Calgary-based artists Caitlind r.c. Brown and Wayne Garrett are creating an interactive outdoor light sculpture that will be exhibited at Triangle Park Feb. 21-March 31 as part of the Lexington Art League's exhibit of light-based art, "Luminosity." This photo was taken at Bluegrass Community and Technical College, where the sculpture is being assembled, Jan. 17, 2014. Photo by Rich Copley | staff.

Calgary-based artists Caitlind r.c. Brown and Wayne Garrett are creating an interactive outdoor light sculpture that will be exhibited at Triangle Park Feb. 21-March 31 as part of the Lexington Art League’s exhibit of light-based art, “Luminosity.” Herald-Leader staff photo by Rich Copley.
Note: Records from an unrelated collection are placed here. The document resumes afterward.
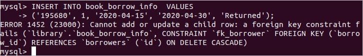 The following INSERT statement will generate an error message because the id value 195680 does not exist in borrowers table.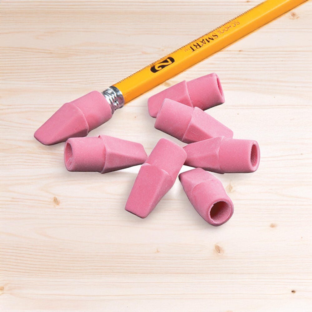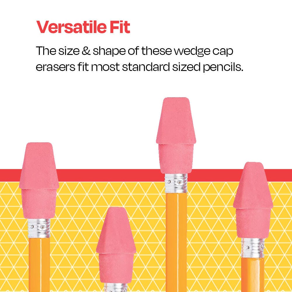 These handy Wedge Cap Pencil Tip Erasers from School Smart are designed to fit all pencils with a standard diameter. They are are excellent to replace worn-out erasers to extend the life of a pencil, or for convenient erasing on pencils without erasers. These reliable eraser caps easily wipe away mistakes and pencil marks without damage or smudging. Each eraser cap is soft, chisel-shaped, and latex-free. This pack contains 144 eraser caps to stock your classroom, office, or home.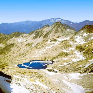 Pico (3.308 m de alt.) sit. en el térm. de Benasque (Huesca).Pico de la Maladeta (3.308 m de alt.) y lago de Coronas a su lado. Detrás el Pico de Argüells y el Collado de Cregüeña. Al fondo se ...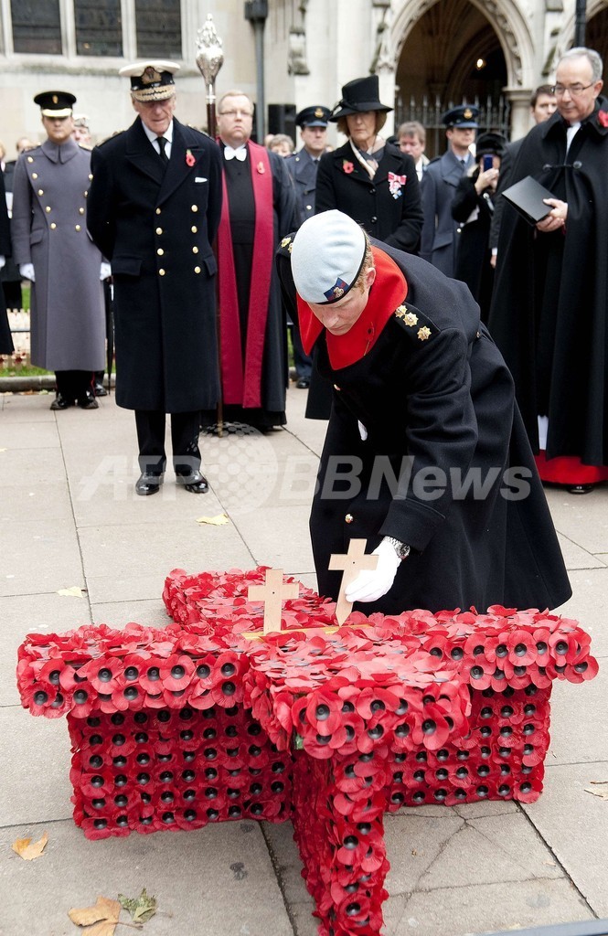 一方、ヘンリー王子とフィリップ殿下は、 ロンドンのウェストミンスター寺院(Westminster Abbey)で行われた式典に出席した。リメンバランス・サンデーは第1次世界大戦の休戦記念日(Armistice Day)に最も近い日曜日で、今年は11月10日に当たる。(c)AFP

Calgary artists Caitlind r.c. Brown and Wayne Garrett, who have created the New Moon sculpture that will go on display at Triangle Park next Friday, are making headlines back home in Canada for copyright concerns with Disney and IBM.

At issue is the similarity between new advertisements for the multinational corporations and an iconic photograph by David Wong of the original Cloud sculpture that launched the couple’s work with incandescent light bulbs. The photo shows people standing under Cloud looking up in wonder at the light bulbs and pulling on the strings that turn lights in portions of the sculpture on and off.
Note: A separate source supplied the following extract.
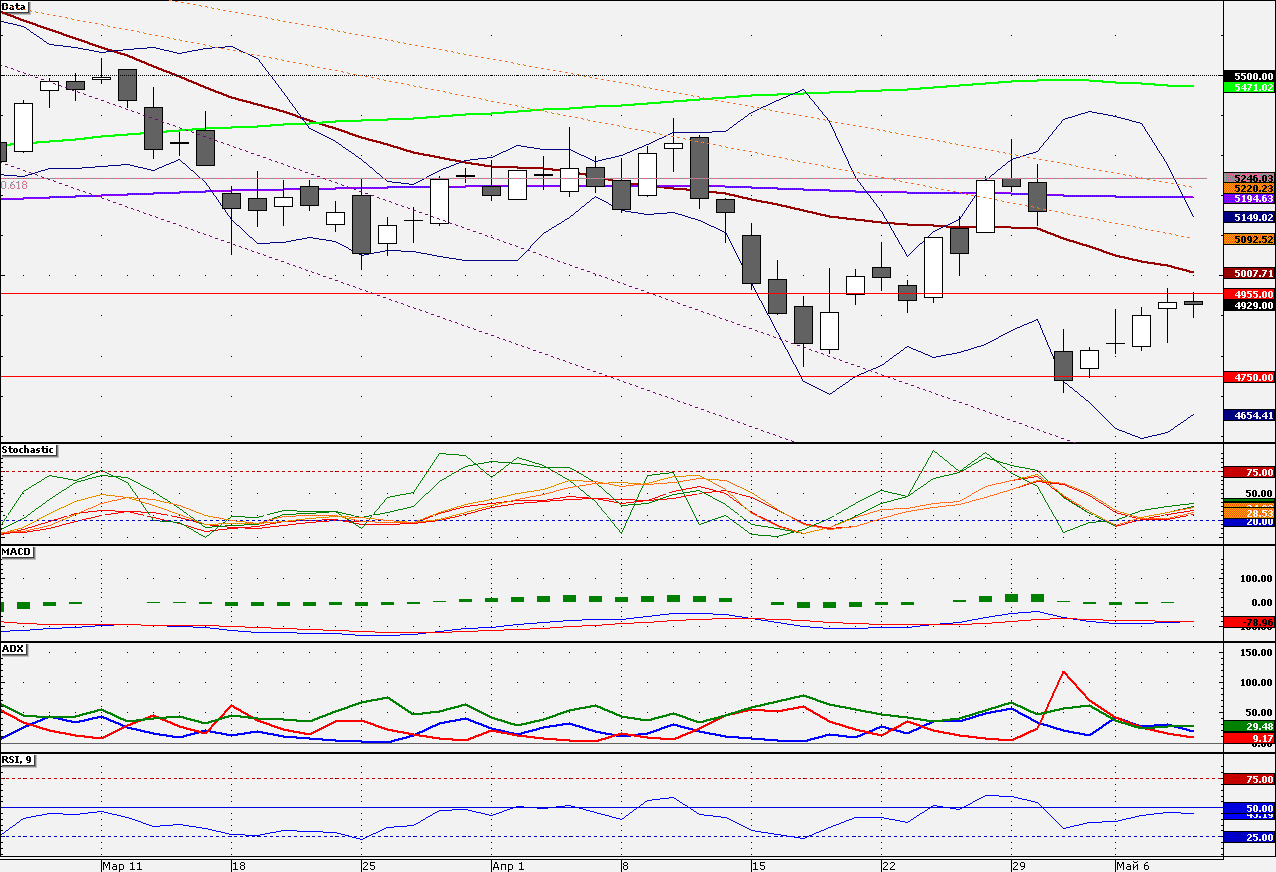Ближайшие уровни поддержки: 4900,00/4800,00/4750,00/4500,00

'Cloud' on display at the Nuit Blanche Calgary festival in 2012. Photo by Doug Wong.

‘Cloud’ on display at the Nuit Blanche Calgary festival in 2012. Photo by Doug Wong.
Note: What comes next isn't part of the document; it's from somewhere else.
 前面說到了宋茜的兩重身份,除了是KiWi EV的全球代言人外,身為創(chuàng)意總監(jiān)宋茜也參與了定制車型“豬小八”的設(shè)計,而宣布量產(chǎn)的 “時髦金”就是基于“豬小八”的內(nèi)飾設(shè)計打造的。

It looks a lot like an image atop the website for the Disney Institute, that features people pulling strings on a lightbulb sculpture that spells out “D’Think” and a New Year’s video greeting from IBM (below) that features people pulling strings to illuminate a light bulb sculpture of a logo.

In each instance, the similarities to Cloud and Wong’s photograph are inescapable.

The situation has been covered by the Canadian Broadcasting Company and Canada’s Metro newspapers. Garrett and Brown say they would like to think the duplicates are honest mistakes but say that the images of Cloud, which has also been displayed in Moscow, Prague and the Netherlands, are fairly pervasive on the Internet, particularly if you Google “light bulb art.”

“Right now what we’re most interested in is discovering what sorts of rights we have and exploring this issue a little bit further,” Brown said to the CBC from Lexington, where they are working on another sculpture for the indoor portion of the Lexington Art League‘s  Luminosity exhibit, which will open Feb. 28 at the Loudoun House.

“More than anything, we feel like we have a responsibility to our community and to ourselves as artists to just sort of discover what sort of action we could take if this were to happen again or if for some reason this were to escalate.”

Metro quoted an IBM spokesperson saying the company has used light bulb art in its “Smarter Cities” campaign since 2008 and the light bulb as a marketing element since the 1940s. Disney did not comment.

New Moon is a 20-foot sculpture of metal and incandescent bulbs that will go on display in Triangle Park Feb. 21. Its interactive element will be a turnstile that viewers can use to create various phases of the moon. A portion of the sculpture was unveiled last month at the Lexington Art League’s annual Art Ball.